━━━━━ Given records

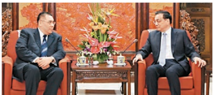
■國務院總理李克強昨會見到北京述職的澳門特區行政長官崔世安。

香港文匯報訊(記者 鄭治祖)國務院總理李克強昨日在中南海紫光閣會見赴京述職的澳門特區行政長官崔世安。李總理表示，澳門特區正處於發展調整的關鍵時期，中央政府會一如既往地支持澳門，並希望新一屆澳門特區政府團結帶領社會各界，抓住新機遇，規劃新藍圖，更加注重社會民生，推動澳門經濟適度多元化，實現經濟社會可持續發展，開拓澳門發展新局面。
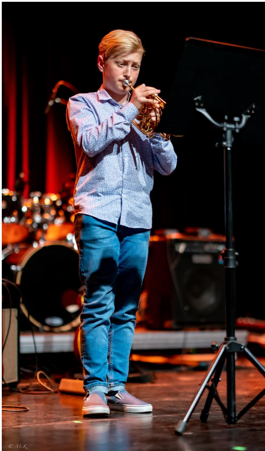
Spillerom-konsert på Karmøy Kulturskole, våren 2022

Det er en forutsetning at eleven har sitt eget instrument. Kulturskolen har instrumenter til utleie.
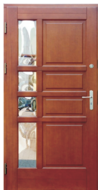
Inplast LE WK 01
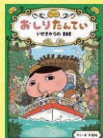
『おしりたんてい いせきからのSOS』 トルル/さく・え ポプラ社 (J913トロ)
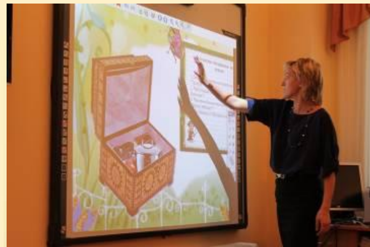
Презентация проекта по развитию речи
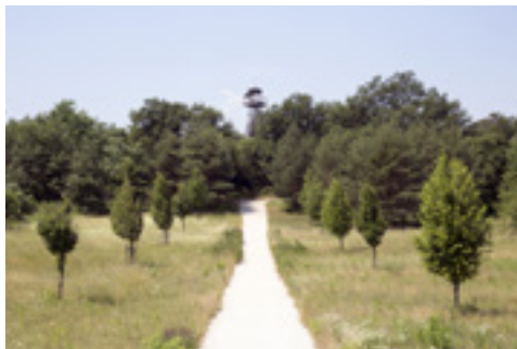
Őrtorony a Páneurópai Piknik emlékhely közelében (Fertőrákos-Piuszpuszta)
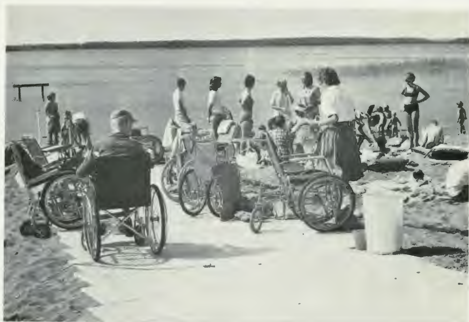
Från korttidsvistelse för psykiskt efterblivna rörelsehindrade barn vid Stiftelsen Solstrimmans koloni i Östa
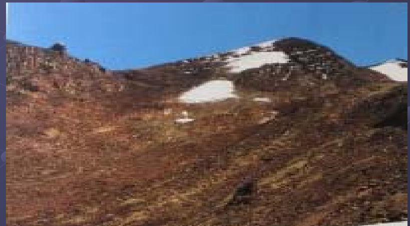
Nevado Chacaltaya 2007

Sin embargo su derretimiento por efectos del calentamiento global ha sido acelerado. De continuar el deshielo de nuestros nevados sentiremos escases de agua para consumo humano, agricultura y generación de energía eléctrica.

━━━━━━━━━━
━━━━━ Given records

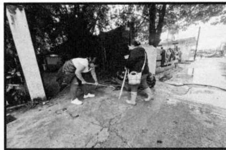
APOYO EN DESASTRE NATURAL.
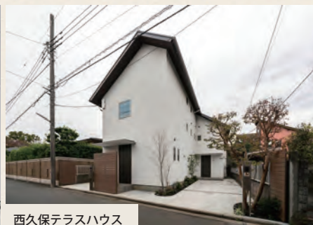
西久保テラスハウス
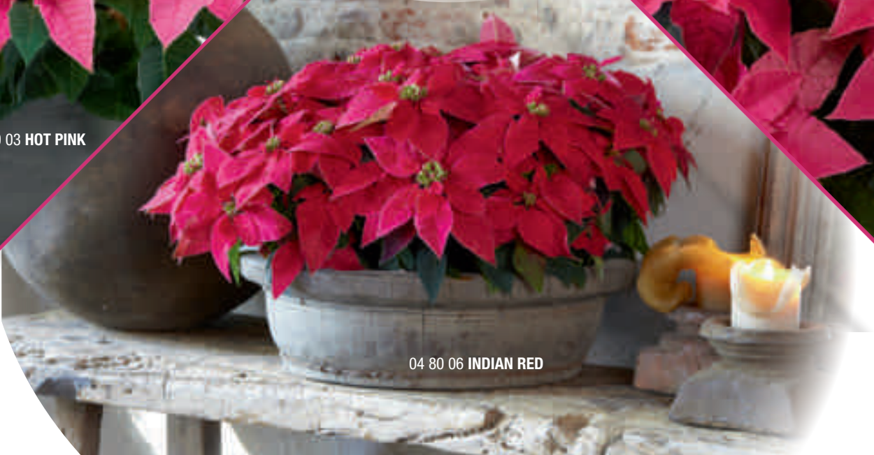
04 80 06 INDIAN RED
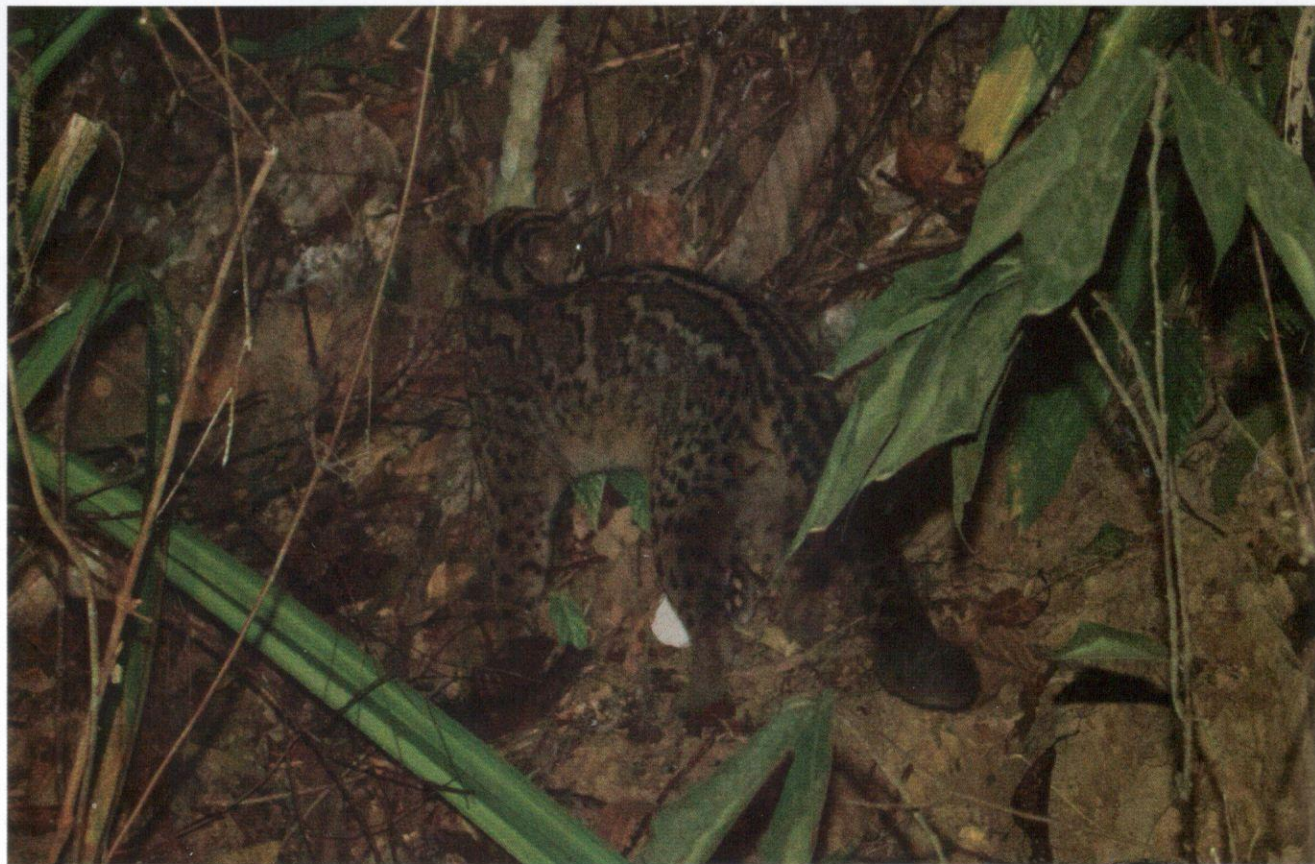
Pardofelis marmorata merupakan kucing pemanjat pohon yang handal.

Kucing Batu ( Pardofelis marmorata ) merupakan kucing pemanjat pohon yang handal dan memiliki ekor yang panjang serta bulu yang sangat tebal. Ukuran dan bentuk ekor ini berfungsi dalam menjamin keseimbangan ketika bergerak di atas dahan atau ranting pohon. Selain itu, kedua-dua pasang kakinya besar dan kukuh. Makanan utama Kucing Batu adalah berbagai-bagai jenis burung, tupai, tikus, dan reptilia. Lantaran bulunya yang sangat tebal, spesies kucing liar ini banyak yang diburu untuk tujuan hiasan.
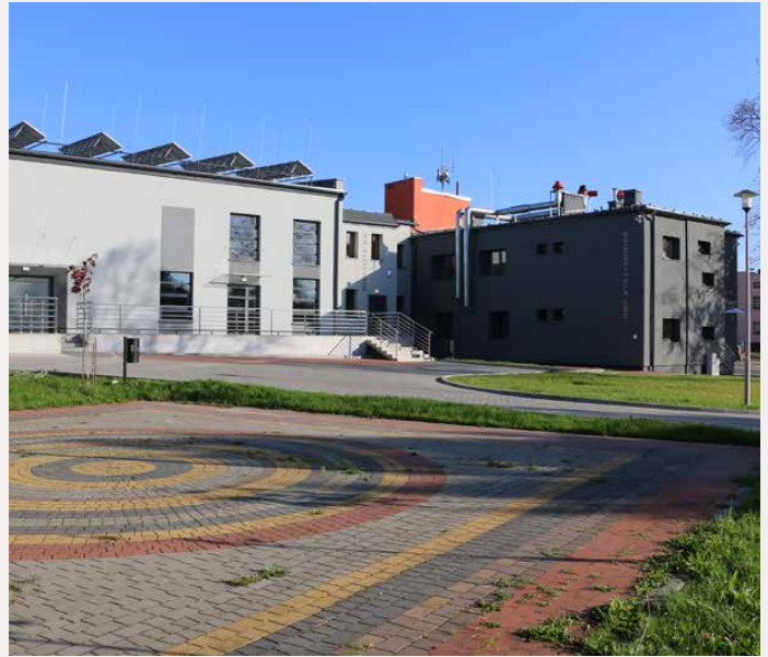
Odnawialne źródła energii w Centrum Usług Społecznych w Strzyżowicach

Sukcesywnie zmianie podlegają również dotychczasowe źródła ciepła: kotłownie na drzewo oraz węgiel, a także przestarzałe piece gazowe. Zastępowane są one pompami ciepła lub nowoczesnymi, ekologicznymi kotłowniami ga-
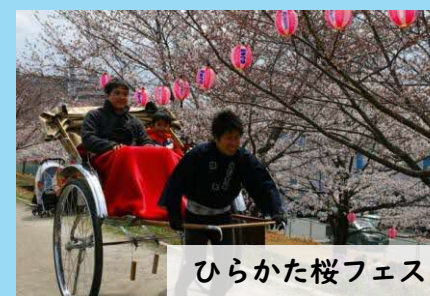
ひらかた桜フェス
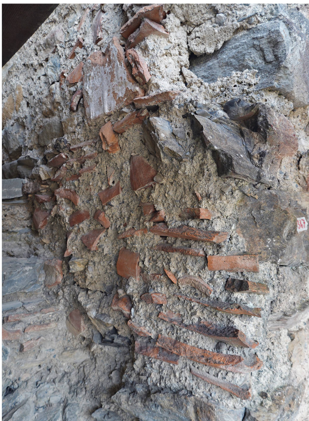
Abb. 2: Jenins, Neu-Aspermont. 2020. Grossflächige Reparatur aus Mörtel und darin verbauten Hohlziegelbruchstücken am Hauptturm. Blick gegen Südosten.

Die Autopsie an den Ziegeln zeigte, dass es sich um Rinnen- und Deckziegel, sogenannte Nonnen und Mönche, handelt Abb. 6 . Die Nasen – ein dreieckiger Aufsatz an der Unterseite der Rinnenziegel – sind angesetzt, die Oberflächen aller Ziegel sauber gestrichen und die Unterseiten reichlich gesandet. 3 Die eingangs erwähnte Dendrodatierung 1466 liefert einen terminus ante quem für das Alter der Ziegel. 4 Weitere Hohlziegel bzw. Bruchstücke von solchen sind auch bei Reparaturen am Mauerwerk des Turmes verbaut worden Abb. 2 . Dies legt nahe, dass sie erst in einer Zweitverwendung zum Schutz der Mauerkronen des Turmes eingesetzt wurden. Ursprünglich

━━━━━━━━━━

Task requirements:
Using the data above, give again exactly the lines starting at the one holding "Презентация проекта по развитию речи" and ending at the one holding "Sin embargo su", inclusive, and nothing more. Omit the pictures.

Answer section:
Презентация проекта по развитию речи
Őrtorony a Páneurópai Piknik emlékhely közelében (Fertőrákos-Piuszpuszta)
Från korttidsvistelse för psykiskt efterblivna rörelsehindrade barn vid Stiftelsen Solstrimmans koloni i Östa
Nevado Chacaltaya 2007

Sin embargo su derretimiento por efectos del calentamiento global ha sido acelerado. De continuar el deshielo de nuestros nevados sentiremos escases de agua para consumo humano, agricultura y generación de energía eléctrica.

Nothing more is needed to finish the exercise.